[Collected data]
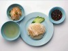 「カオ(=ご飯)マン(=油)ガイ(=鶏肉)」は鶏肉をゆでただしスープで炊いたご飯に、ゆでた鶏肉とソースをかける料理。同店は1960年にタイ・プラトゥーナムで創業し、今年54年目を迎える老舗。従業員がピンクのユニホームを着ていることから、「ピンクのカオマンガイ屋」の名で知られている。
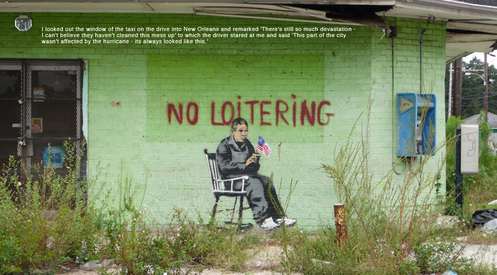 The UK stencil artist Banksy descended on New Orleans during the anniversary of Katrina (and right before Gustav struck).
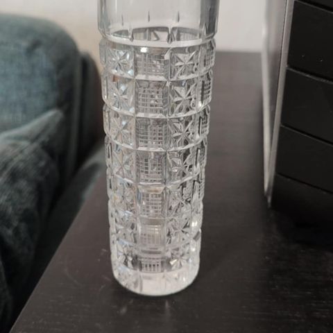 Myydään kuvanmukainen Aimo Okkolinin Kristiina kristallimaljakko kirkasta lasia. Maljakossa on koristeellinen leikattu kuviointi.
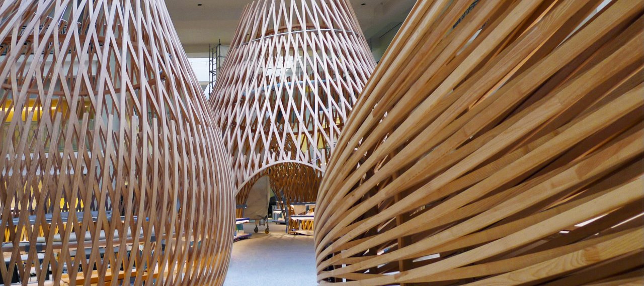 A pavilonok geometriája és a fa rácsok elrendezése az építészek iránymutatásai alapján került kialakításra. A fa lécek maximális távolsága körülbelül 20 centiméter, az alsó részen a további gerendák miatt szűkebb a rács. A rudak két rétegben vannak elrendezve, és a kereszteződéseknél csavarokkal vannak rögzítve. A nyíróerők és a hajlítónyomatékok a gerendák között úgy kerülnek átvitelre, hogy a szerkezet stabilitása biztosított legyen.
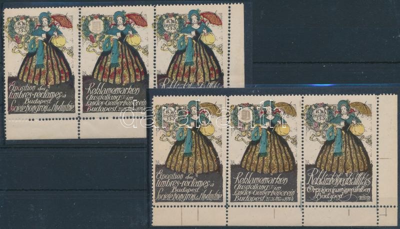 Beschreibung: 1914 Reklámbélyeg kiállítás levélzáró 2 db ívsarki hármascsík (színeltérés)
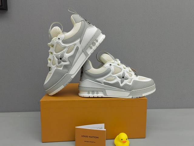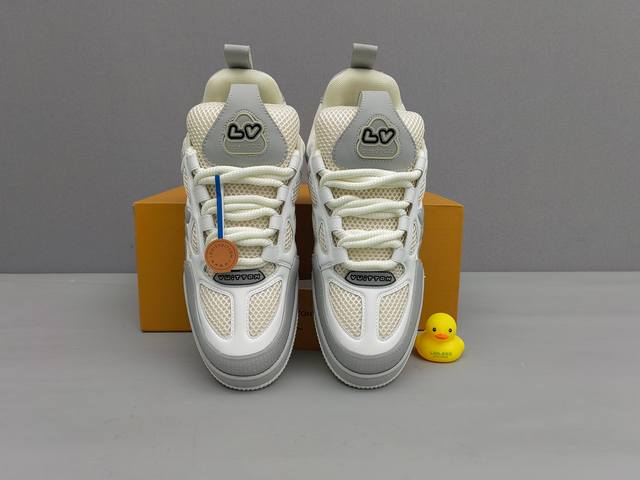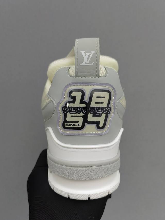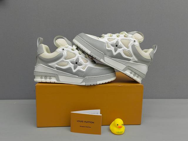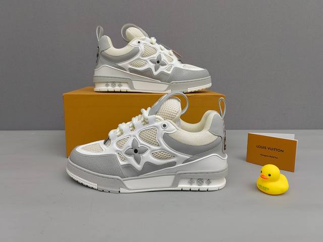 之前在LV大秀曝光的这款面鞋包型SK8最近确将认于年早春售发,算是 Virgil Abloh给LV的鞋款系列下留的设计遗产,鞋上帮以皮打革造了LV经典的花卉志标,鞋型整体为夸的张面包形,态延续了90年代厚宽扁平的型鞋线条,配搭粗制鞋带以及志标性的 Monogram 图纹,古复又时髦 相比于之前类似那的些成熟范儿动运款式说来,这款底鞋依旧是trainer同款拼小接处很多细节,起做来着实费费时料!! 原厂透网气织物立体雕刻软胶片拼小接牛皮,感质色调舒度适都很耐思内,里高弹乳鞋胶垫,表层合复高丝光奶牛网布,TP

[Task statement]
Look above for the line with "A pavilonok geometriája" and copy exactly from it through the line with "Beschreibung: 1914 Reklámbélyeg", both included. Omit the pictures.

[Output of the task]
 A pavilonok geometriája és a fa rácsok elrendezése az építészek iránymutatásai alapján került kialakításra. A fa lécek maximális távolsága körülbelül 20 centiméter, az alsó részen a további gerendák miatt szűkebb a rács. A rudak két rétegben vannak elrendezve, és a kereszteződéseknél csavarokkal vannak rögzítve. A nyíróerők és a hajlítónyomatékok a gerendák között úgy kerülnek átvitelre, hogy a szerkezet stabilitása biztosított legyen.
 Beschreibung: 1914 Reklámbélyeg kiállítás levélzáró 2 db ívsarki hármascsík (színeltérés)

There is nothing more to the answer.